According to Vakil's Rising Sea, when we have localized ring, then two fractions $\frac{a}{b}$ , $ \frac{c}{d}$ are only equal iff there exists an $s$ in the ring you quotiented by such that:
$$ s(ad-bc)=0$$
My question is, why do we have an $s$ here?
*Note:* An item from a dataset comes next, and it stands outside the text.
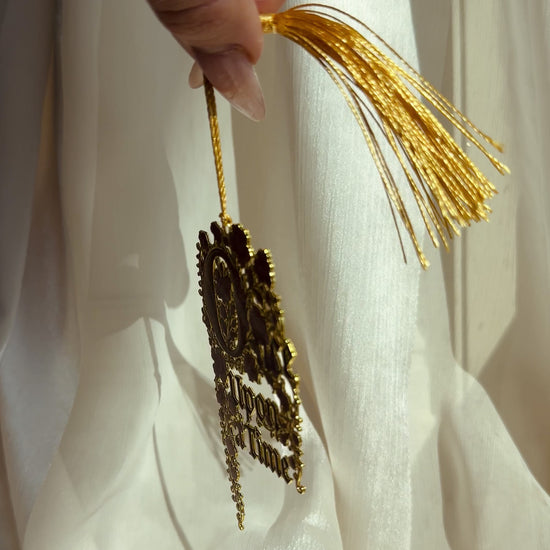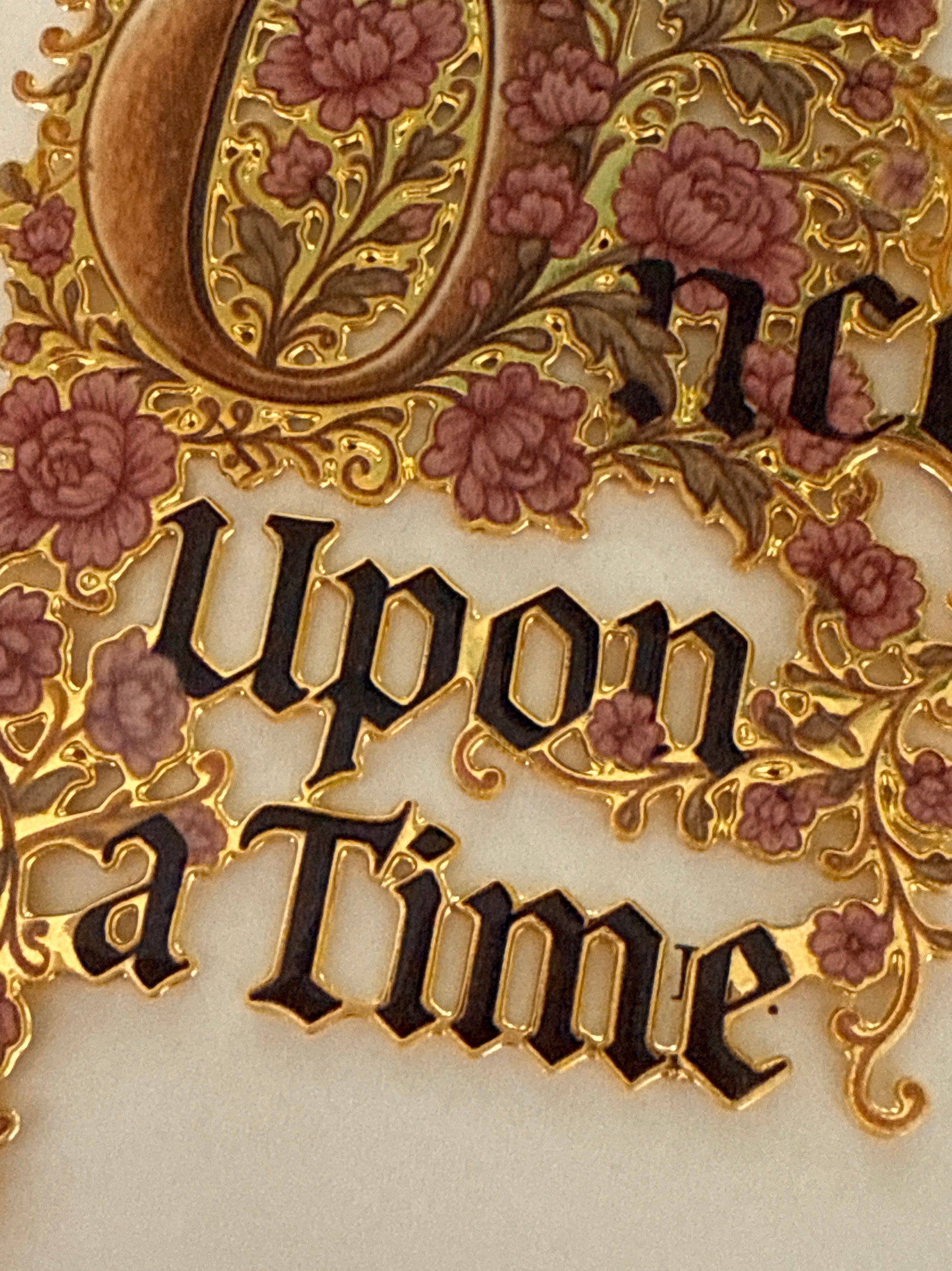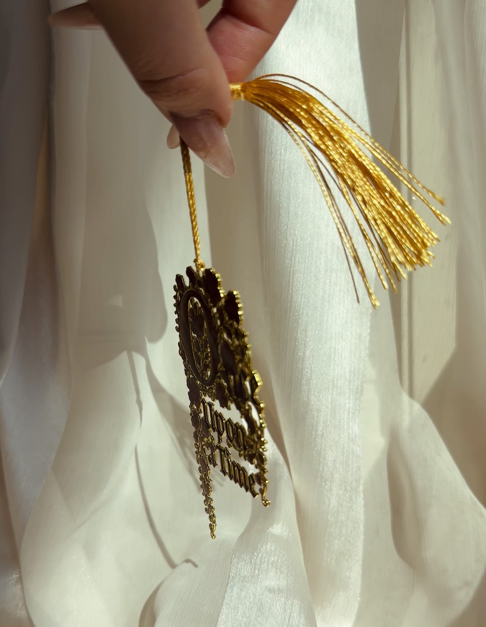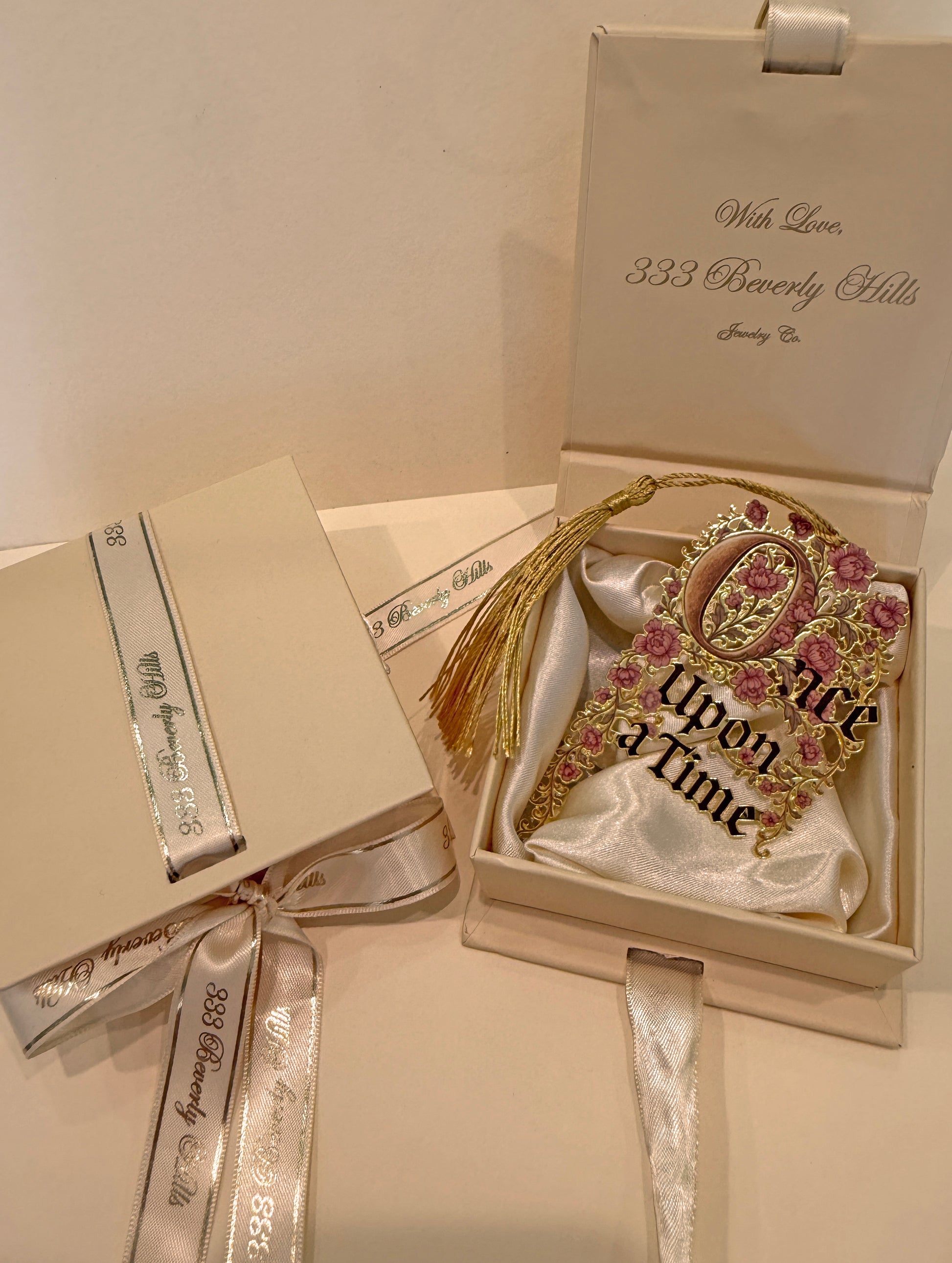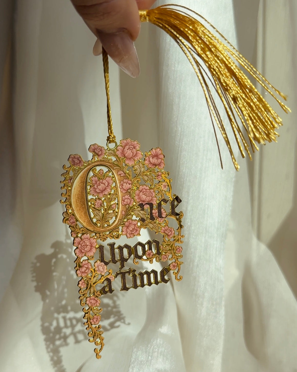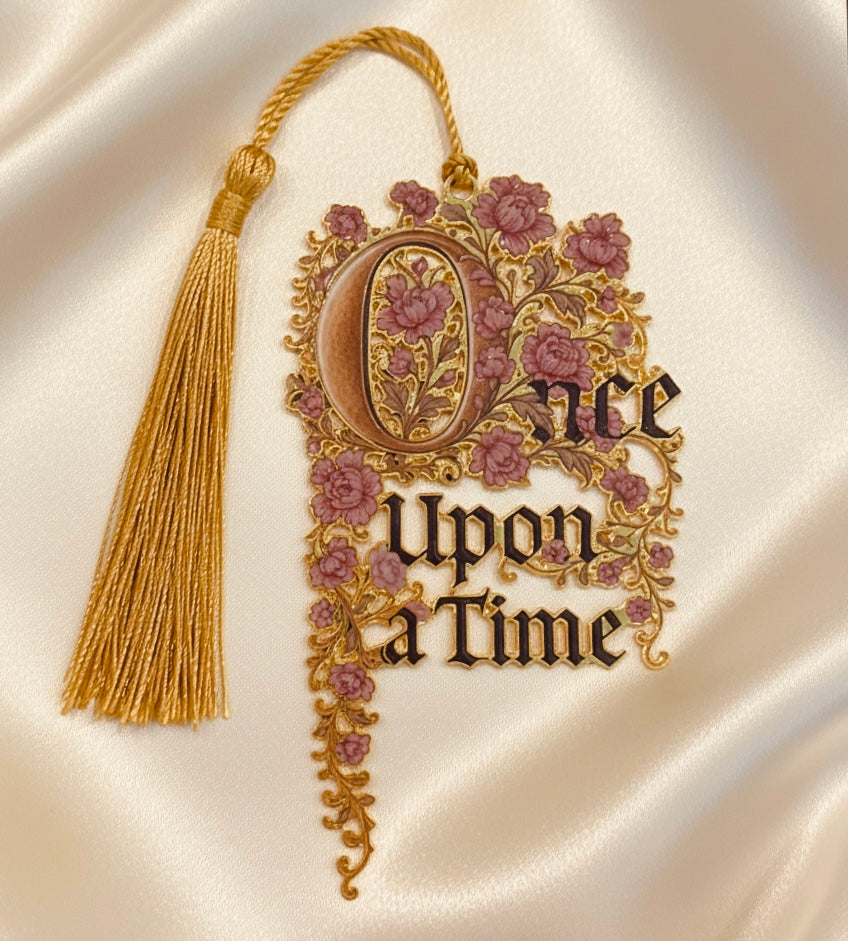 The most beautiful bookmark ever made. Our gilded metal bookmark is a delicate piece of art, designed from the pages of fairytale's past. Adorned with dusty pink roses and vines cascading around the classic text "Once Upon A Time"

Why not just say, that the two are equal when ad=bc?
Consider $R = \mathbb{Z} / 6 \mathbb{Z}$, and let $S$ be the multiplicatively closed set generated by $2$. Then we should have $\frac{3}{1} = \frac{0}{2}$, since $3 \cdot 2 - 0 \cdot 1 = 0$. And we should also have $\frac{0}{2} = \frac{0}{1}$, since $0 \cdot 1 - 0 \cdot 2 = 0$. So $\frac{3}{1} = \frac{0}{1}$. But we do not have $3 \cdot 1 - 0 \cdot 1 = 0$. So we run into serious issues if we don’t have the $s$, since the resulting equivalence relation isn’t necessarily transitive.
Note that a notable case where we don’t need the $s$ is when $S$ doesn’t contain any factor of $0$. In particular, if $R$ is an integral domain and $0 \notin S$, then $\frac{a}{b} = \frac{c}{d}$ if and only if $ad - cb = 0$.